- [PROBLEM DESCRIPTION]: Reproduce the listing exactly and skip over any pictures.

- [DATA BELOW]:
•••••

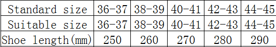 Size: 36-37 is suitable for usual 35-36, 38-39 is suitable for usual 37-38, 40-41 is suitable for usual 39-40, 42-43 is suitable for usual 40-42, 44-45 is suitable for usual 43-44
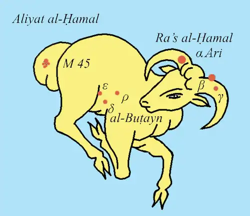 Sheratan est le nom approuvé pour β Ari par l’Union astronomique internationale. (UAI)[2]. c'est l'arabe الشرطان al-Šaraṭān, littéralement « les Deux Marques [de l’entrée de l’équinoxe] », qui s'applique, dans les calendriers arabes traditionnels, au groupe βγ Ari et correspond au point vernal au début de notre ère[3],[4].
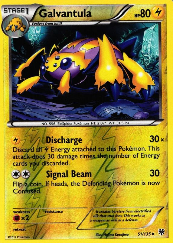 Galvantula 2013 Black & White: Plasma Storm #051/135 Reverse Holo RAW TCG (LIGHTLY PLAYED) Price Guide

•••••

- [SOLVED PROBLEM]:
 Size: 36-37 is suitable for usual 35-36, 38-39 is suitable for usual 37-38, 40-41 is suitable for usual 39-40, 42-43 is suitable for usual 40-42, 44-45 is suitable for usual 43-44
 Sheratan est le nom approuvé pour β Ari par l’Union astronomique internationale. (UAI)[2]. c'est l'arabe الشرطان al-Šaraṭān, littéralement « les Deux Marques [de l’entrée de l’équinoxe] », qui s'applique, dans les calendriers arabes traditionnels, au groupe βγ Ari et correspond au point vernal au début de notre ère[3],[4].
 Galvantula 2013 Black & White: Plasma Storm #051/135 Reverse Holo RAW TCG (LIGHTLY PLAYED) Price Guide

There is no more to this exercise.